--- START ---

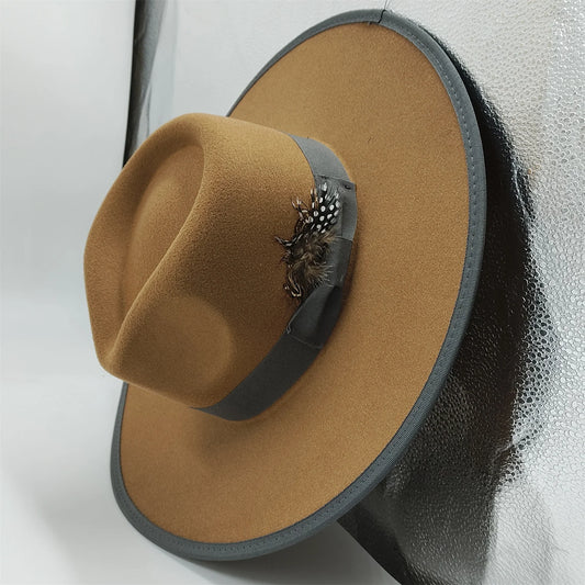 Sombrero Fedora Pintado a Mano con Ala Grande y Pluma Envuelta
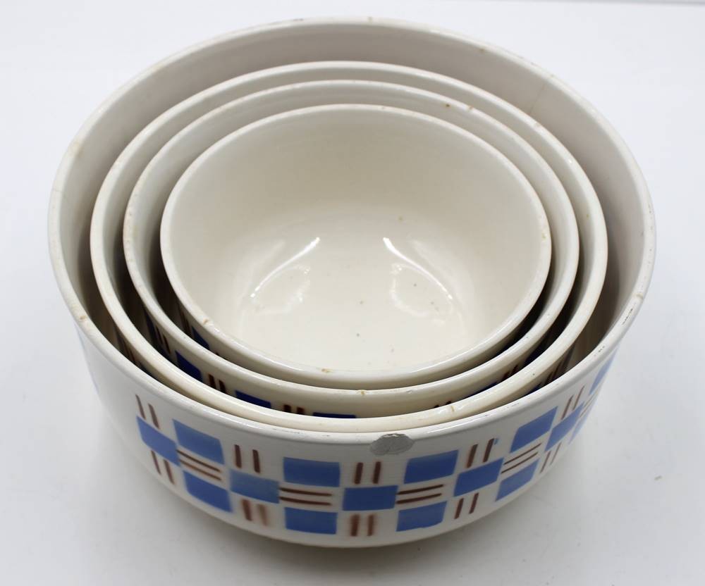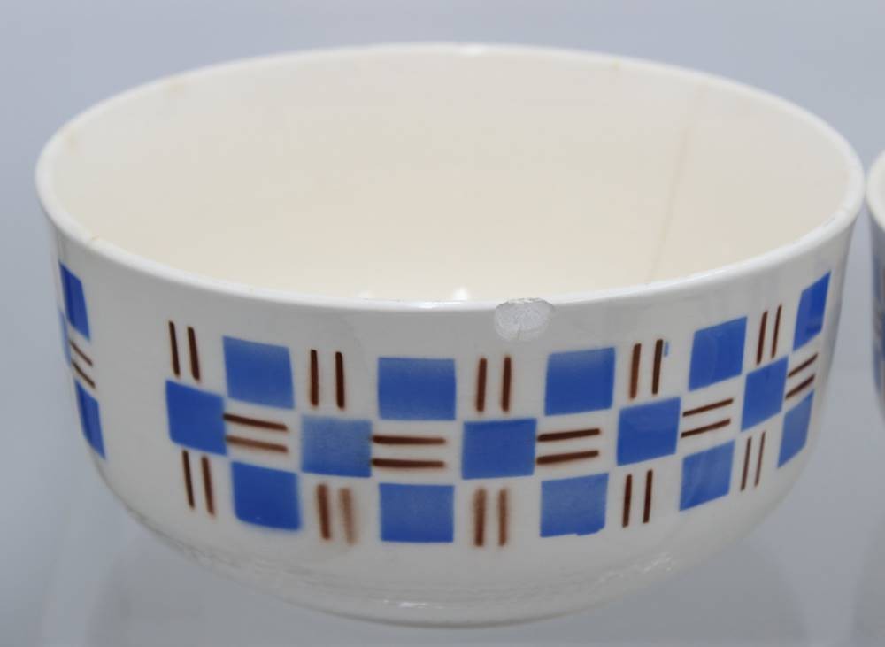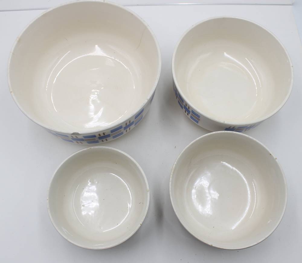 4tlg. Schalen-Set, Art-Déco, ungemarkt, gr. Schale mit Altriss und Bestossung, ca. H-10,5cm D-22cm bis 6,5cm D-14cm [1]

--- END ---
--- START ---

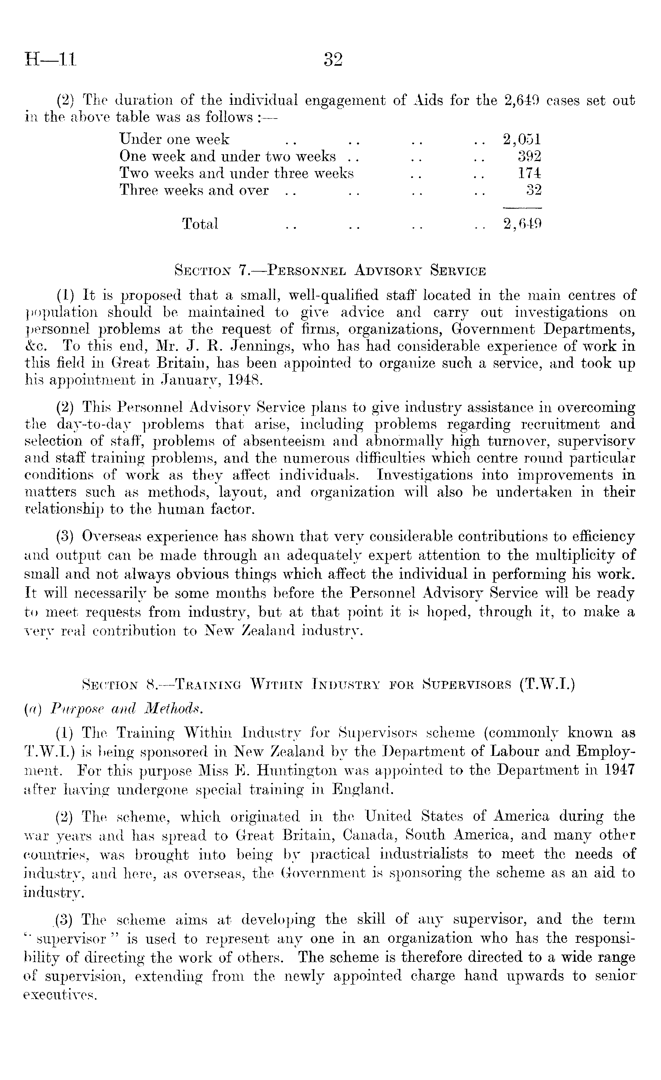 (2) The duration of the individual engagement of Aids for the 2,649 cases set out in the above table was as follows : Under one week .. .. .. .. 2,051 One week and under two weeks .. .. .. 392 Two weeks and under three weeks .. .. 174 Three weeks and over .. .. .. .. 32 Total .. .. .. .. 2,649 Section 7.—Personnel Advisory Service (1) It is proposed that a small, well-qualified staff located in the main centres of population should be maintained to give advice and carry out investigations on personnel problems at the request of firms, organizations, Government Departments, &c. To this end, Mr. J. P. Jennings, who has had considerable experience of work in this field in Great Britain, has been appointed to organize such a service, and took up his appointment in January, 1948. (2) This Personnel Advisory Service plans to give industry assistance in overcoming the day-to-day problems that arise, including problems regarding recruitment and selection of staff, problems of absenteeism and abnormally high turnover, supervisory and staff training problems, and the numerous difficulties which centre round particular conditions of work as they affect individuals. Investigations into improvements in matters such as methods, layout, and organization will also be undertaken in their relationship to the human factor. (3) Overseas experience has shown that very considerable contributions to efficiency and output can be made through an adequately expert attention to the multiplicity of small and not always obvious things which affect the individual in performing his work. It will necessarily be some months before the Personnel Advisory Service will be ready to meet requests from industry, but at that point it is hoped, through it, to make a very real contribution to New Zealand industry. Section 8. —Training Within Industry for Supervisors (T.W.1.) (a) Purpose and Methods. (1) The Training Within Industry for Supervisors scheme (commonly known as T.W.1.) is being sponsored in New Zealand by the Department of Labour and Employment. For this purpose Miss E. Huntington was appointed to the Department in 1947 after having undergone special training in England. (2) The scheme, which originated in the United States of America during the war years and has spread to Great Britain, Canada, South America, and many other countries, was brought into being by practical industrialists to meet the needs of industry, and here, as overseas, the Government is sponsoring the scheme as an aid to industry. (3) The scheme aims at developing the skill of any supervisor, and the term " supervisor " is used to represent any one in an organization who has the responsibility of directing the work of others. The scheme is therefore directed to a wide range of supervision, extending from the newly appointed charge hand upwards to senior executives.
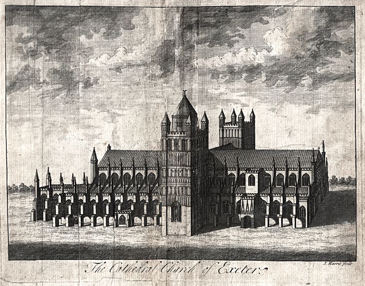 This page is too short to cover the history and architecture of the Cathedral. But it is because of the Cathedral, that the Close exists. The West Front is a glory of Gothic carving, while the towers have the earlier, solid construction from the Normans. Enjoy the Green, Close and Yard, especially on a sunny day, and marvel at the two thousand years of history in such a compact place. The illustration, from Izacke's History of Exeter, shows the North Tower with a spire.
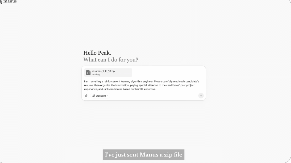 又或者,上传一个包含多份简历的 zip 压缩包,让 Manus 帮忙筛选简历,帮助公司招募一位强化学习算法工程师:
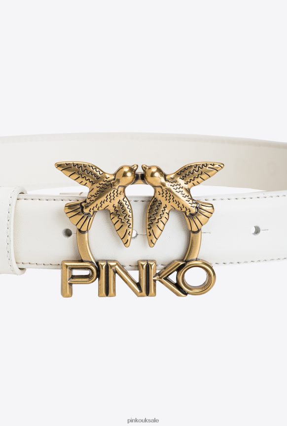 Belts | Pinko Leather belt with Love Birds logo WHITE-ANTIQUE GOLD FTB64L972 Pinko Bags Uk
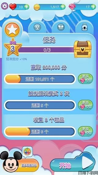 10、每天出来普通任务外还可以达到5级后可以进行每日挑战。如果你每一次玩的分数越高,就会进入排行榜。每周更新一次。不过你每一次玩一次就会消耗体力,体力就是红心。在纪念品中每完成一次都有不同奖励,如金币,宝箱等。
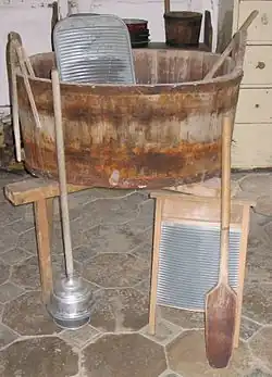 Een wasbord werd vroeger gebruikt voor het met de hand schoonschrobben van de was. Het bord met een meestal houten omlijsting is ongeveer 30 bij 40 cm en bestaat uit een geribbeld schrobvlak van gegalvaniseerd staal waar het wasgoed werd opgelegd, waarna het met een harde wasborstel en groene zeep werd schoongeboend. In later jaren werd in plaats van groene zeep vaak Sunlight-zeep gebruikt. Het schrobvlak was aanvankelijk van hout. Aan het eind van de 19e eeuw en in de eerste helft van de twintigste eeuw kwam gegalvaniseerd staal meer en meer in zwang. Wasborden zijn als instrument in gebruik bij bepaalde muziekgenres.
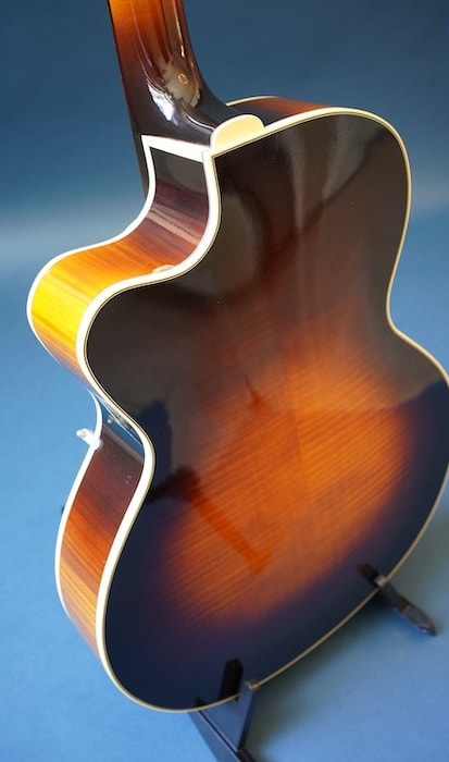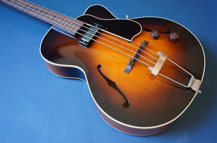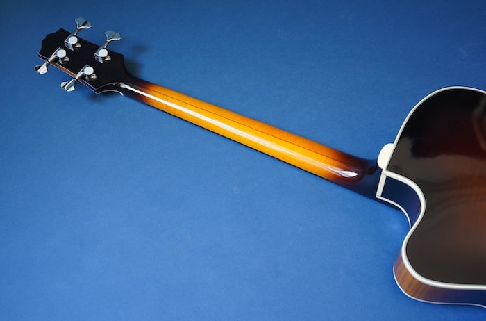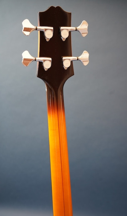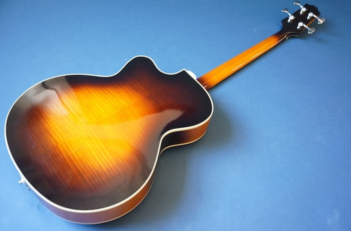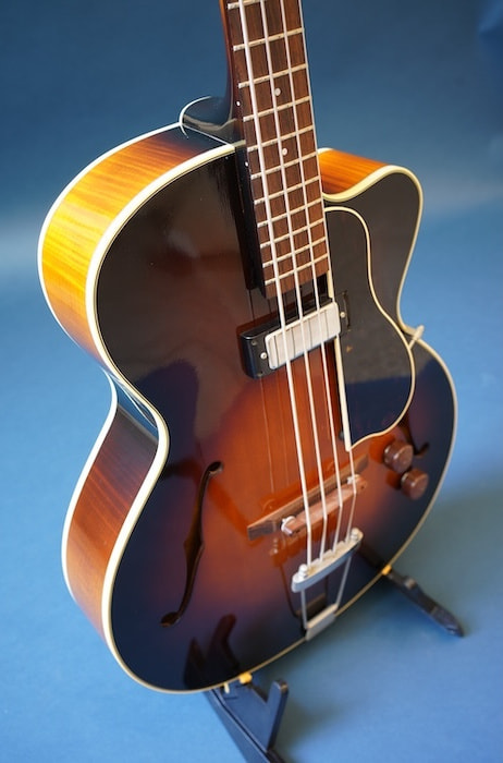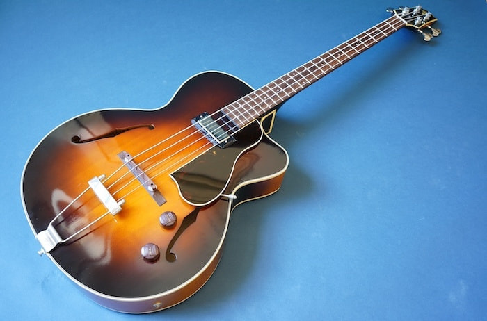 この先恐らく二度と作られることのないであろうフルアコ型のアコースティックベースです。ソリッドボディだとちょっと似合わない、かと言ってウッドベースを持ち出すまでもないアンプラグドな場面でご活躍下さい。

--- END ---
--- START ---

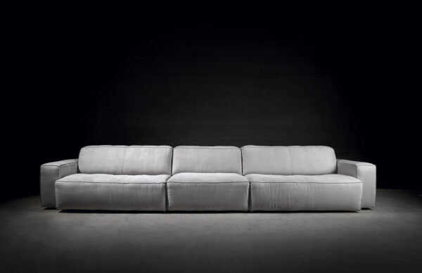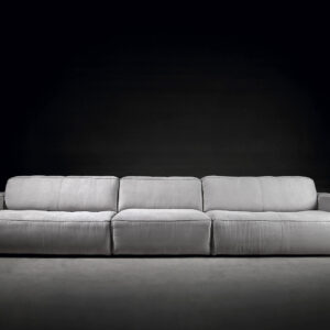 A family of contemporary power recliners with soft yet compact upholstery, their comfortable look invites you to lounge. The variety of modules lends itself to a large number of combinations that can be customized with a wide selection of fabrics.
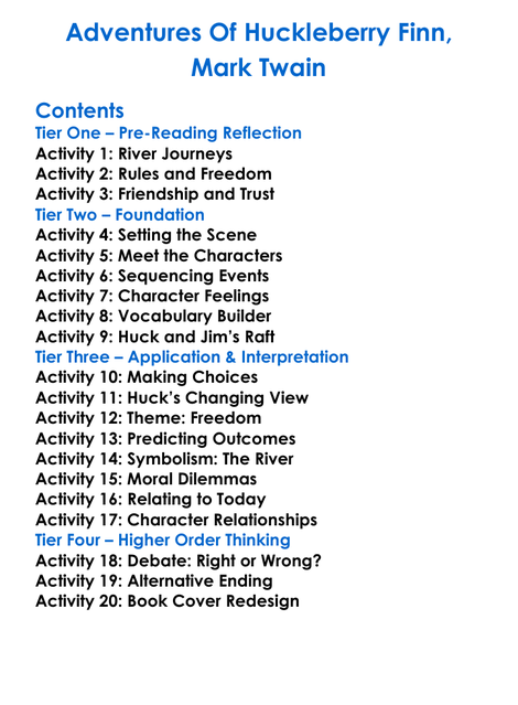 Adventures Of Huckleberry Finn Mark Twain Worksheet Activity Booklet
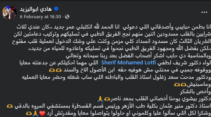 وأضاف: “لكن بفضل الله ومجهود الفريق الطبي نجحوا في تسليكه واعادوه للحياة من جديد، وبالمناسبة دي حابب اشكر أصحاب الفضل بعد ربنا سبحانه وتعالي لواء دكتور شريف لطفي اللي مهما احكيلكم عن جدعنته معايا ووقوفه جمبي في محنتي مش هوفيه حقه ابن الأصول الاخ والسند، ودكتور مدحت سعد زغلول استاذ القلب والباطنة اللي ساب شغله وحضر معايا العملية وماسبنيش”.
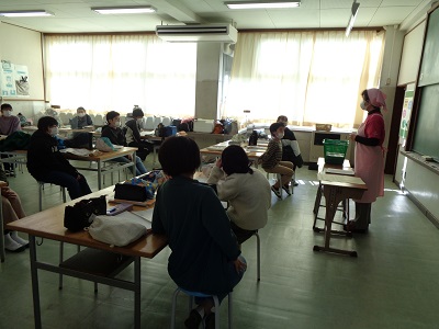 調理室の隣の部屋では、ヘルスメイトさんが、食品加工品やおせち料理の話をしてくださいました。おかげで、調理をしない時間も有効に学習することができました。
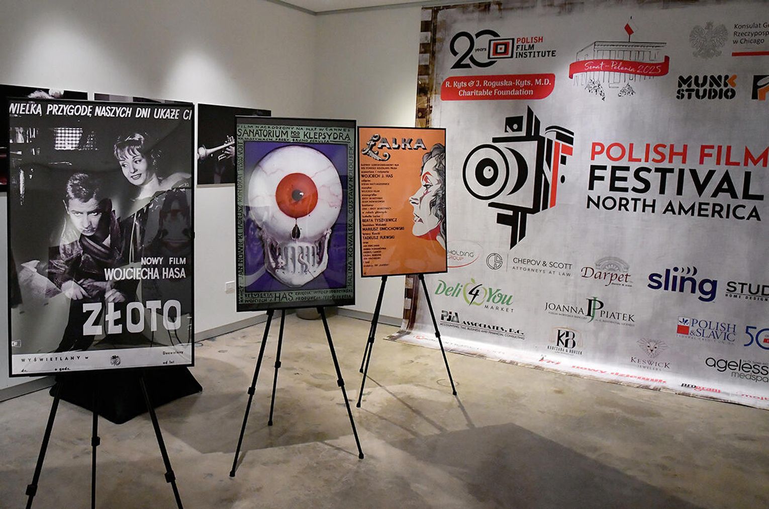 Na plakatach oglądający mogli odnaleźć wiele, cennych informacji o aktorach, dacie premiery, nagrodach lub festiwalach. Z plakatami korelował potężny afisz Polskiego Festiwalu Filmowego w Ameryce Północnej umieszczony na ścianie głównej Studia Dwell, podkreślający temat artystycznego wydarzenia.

--- END ---

== Your instructions ==
Repeat the lines above exactly, beginning with the one containing "Sombrero Fedora Pintado" and finishing with the one containing "4tlg. Schalen-Set, Art-Déco, ungemarkt, gr.". No pictures belong in the copy.

== Reply ==
 Sombrero Fedora Pintado a Mano con Ala Grande y Pluma Envuelta
 4tlg. Schalen-Set, Art-Déco, ungemarkt, gr. Schale mit Altriss und Bestossung, ca. H-10,5cm D-22cm bis 6,5cm D-14cm [1]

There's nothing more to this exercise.